La producción agrícola desapareció en gran parte del Departamento, lo poco que se cosechó aquel año fue vendido por los intermediarios en precios exorbitantes. Las comunidades silenciaban, quedaron los más viejos sentados en la puerta de sus vacías tienditas a media luz. En las poblaciones intermedias, se cerraron los pocos centros comerciales y el viento se apropió de sus ventanas. La población rural migró a Chile y Argentina.
En la ciudad muchos enviaron a sus hijos a Sucre, La Paz, Cochabamba y Santa Cruz; los angustiados y preocupados padres prometieron que la separación duraría hasta que pase la sequía, y fue así, un año después muchos marcharon detrás de sus hijos.
Con los meses, la información sobre la sequía dejó de importar y los titulares prefirieron hablar sobre los conflictos de gobernabilidad de Siles Suazo, del Pliego Petitorio de la Central Obrera Bolivia, de la Huelga General Indefinida, sobre la desdolarización, la inflación, la caída del precio de los minerales, el descenso de Independiente Unificada y el retorno a la democracia en Argentina.
De repente, esa circunstancia no deseada y aborrecida se naturalizó, se prendió de la rutina. Como si se tratase de un empleo, todas las mañana de ese año nos dedicábamos a llenar turriles y pilones. Dejó de molestar la incomodidad de esperar horas y horas a las cisternas, aprendimos muy rápido a colar el agua con filtros fabricados con yute y arena donde quedaban petrificados los revoltosos bichos rojos, similares a la borra de ají.
Aprendimos a bañarnos en bateas y guardar las lavazas para reutilizarlas en los baños. El agua de la ropa lavada corrió la misma suerte. A pesar de todo, el amor de mi padre por sus plantas era tan grande que se dio modos para que no dejen de florecer.
En eso, el invierno no se olvidó de sus heladas, ventarrones y cabellos escarchados; no obstante, los labios mutilados por el sol y las manos rajadas se esforzaron en ocultar al cansancio.
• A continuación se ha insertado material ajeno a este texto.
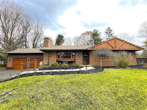 Nestled in the heart of Manlius neighborhoods, a rare gem awaits who's seeking the perfect blend of convenience and comfort. Welcome home to this classic brick ranch that redefines single-level living.This charming residence spans 1,766 sq. ft. of space includes the newer remodeled 616 sq. ft. master bedroom suite, complemented by an ADDITIONAL 630 sq. ft. in the partially finished lower level. A seamless, manageable open floor plan effortlessly guides you from the front entry into an inviting living room, where a warm wood-burning fireplace anchors the space. This flows into a modern gourmet kitchen, adjacent to a rustic chic bar area featuring its own fireplace and framed by floor-to-ceiling sliding doors, offering panoramic views of the expansive backyard for all seasons. The home boasts a total of four spacious bedrooms and two and a half bathrooms. The sizable master suite is a true sanctuary, complete with a cozy gas fireplace, a considerable master bath, and a private sitting area. Three additional bedrooms and a full bath are conveniently located on the first level. Partially finished basement with lofty Rec room area, half bath, and an additional bedroom/office with built in shelves. Outdoor living is elevated on the generous 0.71-acre lot, ensuring ample room for both grand entertaining and quiet retreat. .The newly finished landscape (2025) and a double-wide driveway lead to an impressive front yard, while the vast, flat backyard features a refinished deck and patio (2025), perfectly poised to accommodate large gatherings or serene personal enjoyment. The property has been fully improved with a NEW roof, A/C, interior paint (all 2025) and more, making it move-in ready. Located in the Fayetteville-Manlius School District, the home offers a serene neighborhood setting with immediate proximity to the natural splendor of Three Falls Woods, Green Lakes State Park, Pratts Falls Park, and the scenic Erie Canal trails. This must-see property delivers the best of Manlius living: a harmonious blend of a private, spacious lot, excellent schools, and easy access to local amenities. Experience character, comfort, a coveted lifestyle here daily, your next home.

En ese tiempo, los técnicos que realizaban el gaseoducto Bolivia – Brasil, se trasladaron a Potosí para construir el ducto desde la comunidad de La Palca, distante a 25 kilómetros y en pocas semanas la ciudad contó con un centro de almacenamiento de agua para abastecer a la zona baja (ciudad Satélite, Delicias, Bracamonte, Cantumarca).
Por razones que hasta hoy no entiendo, años más tarde se abandonó el proyecto. Quedan algunos tubos amarillentos esparcidos al borde del camino.
La conexión del río San Juan, a 50 kilómetros aproximadamente, representó el proyecto estrella de los ochenta porque solucionaría el problema de agua que siempre tubo (tiene) Potosí. Después de varios años se concretó este sueño que beneficia únicamente a los barrios de Plan 40, Ciudad Satélite y zonas aledañas.
En 1983, los potosinos hicimos cola todos los días para dos bidones de agua, pero también -como casi todos los bolivianos en esa época- para comprar pan, azúcar, arroz, fideo, harina, papa, carne, tomates, lechugas, gasolina, gas y cigarrillos. Nos acostumbramos además a los permanentes cortes de energía eléctrica, programados de 18:00 a 21:00 durante dos o tres días a la semana.
La alegría llegó en octubre junto a la primera lluvia, dejamos los bañadores al borde de las canaletas junto a improvisados ductos que concluían en los tanques. A partir de entonces, semana tras semana sumábamos imaginariamente los metros cúbicos que necesitaban las lagunas para garantizar el abastecimiento en 1984.
Cuando suponía que mi cumpleaños pasaría acarreando agua, un día antes la ronca tubería expulsó al rocío que se convirtió en lluvia y me quedé junto a mi madre contemplando su caída a ese viejo pilón que había perdido su brillo y espesor.
Hoy, después de 33 años de esa testaruda sequía, las promesas están remozadas al igual que miles de potosinos que esperan todas las mañanas a las cisternas. Están apilados en el patio los baldes, bañadores y tachos cuidando que el sol no vuelva a evaporar el agua.